Narrow scaleup probes to max cache sharding span (#2588)

Damian Reeves · facebook-github-bot · commit 49288c3b4ad7 · 2024-11-25T15:41:18.000-08:00
Summary: Pull Request resolved: #2588 When a lot of cache scaleup budget is available, significantly larger than the total amount of memory needed to promote every table to HBM, it's likely that many of the budget probes will attempt to cost a plan using more budget than the proposal can utilize. In these scenarios, we tend to see only two distinct plan costs, 1) the min-working-set plan which is costed first, 2) every other proposal "clips" at the max scaleup limit (i.e. everything promoted to HBM). It's also plausible that the fully-promoted plan is more expensive than the min-working-set plan, due to the increased bin-packing difficulty of fitting the larger shards. In these cases, the job only runs on the min-working-set proposal, even though (lots of) additional memory is available for larger caches (up to the point of diminishing returns due to bin-packing overhead). This diff narrows the search region, when more memory is available than we can use, to focus our search effort on productive portions of the search space. This increases the likelihood we discover a plan that is both cheaper than min-working-set or fully-promoted. Reviewed By: keyan Differential Revision: D66419942 fbshipit-source-id: 8d5ad8b70179517193fa88e9acc041ffb171b822
diff --git a/torchrec/distributed/planner/proposers.py b/torchrec/distributed/planner/proposers.py
@@ -12,7 +12,7 @@
 import logging
 from collections import OrderedDict
 from decimal import Decimal
-from typing import cast, Dict, List, Optional, Set, Tuple, Union
+from typing import cast, Dict, List, Optional, Set, Tuple, TypeVar, Union
 
 import torch
 
@@ -460,6 +460,15 @@ def feedback(
                 self._current_proposal = -1
 
 
+_T = TypeVar("_T")
+
+
+def _none_throws(x: Optional[_T]) -> _T:
+    if x is None:
+        raise AssertionError("unexpected None")
+    return x
+
+
 class EmbeddingOffloadScaleupProposer(Proposer):
     def __init__(self, use_depth: bool = True) -> None:
         self.use_depth: bool = use_depth
@@ -535,6 +544,26 @@ def load(
         )
         self.proposal = copy.deepcopy(self.starting_proposal)
 
+    @staticmethod
+    def get_hbm_ceiling(
+        starting_proposal: List[ShardingOption], enumerator: Enumerator
+    ) -> int:
+        """returns total amount of memory scaleup could use."""

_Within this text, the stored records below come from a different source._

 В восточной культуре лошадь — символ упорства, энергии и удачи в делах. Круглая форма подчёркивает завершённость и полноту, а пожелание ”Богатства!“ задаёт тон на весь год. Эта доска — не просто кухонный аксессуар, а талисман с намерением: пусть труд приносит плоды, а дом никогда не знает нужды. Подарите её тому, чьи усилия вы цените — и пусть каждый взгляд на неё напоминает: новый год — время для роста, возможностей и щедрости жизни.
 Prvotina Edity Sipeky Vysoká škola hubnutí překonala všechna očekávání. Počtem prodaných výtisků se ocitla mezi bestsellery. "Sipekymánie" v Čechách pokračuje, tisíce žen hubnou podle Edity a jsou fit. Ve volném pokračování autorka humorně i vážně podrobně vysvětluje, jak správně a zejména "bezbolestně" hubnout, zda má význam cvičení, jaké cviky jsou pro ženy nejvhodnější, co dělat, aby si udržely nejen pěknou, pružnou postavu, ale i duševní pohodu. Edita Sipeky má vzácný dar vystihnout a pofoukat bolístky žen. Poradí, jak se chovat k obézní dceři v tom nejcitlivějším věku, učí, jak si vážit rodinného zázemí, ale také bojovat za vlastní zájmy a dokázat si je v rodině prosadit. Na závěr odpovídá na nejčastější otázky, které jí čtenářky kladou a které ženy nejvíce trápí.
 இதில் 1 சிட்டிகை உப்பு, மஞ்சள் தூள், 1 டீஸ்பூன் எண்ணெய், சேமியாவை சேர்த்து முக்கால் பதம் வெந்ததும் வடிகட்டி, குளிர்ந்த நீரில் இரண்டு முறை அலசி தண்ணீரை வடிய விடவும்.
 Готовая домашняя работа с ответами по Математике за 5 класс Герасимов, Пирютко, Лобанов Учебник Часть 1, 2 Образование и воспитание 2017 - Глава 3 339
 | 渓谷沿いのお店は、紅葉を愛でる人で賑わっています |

+        proposal = copy.deepcopy(starting_proposal)
+        cache_tables = EmbeddingOffloadScaleupProposer.get_scalable_sharding_options(
+            proposal
+        )
+        for sharding_option in cache_tables:
+            if (
+                sharding_option.compute_kernel
+                == EmbeddingComputeKernel.FUSED_UVM_CACHING.value
+            ):
+                assert sharding_option.cache_params  # appease pyre
+                sharding_option.cache_params.load_factor = None
+                sharding_option.compute_kernel = EmbeddingComputeKernel.FUSED.value
+        enumerator.populate_estimates(cache_tables)
+        return sum(sharding_option.total_storage.hbm for sharding_option in proposal)
+
     @staticmethod
     def promote_high_prefetch_overheaad_table_to_hbm(
         enumerator: Optional[Enumerator], proposal: List[ShardingOption]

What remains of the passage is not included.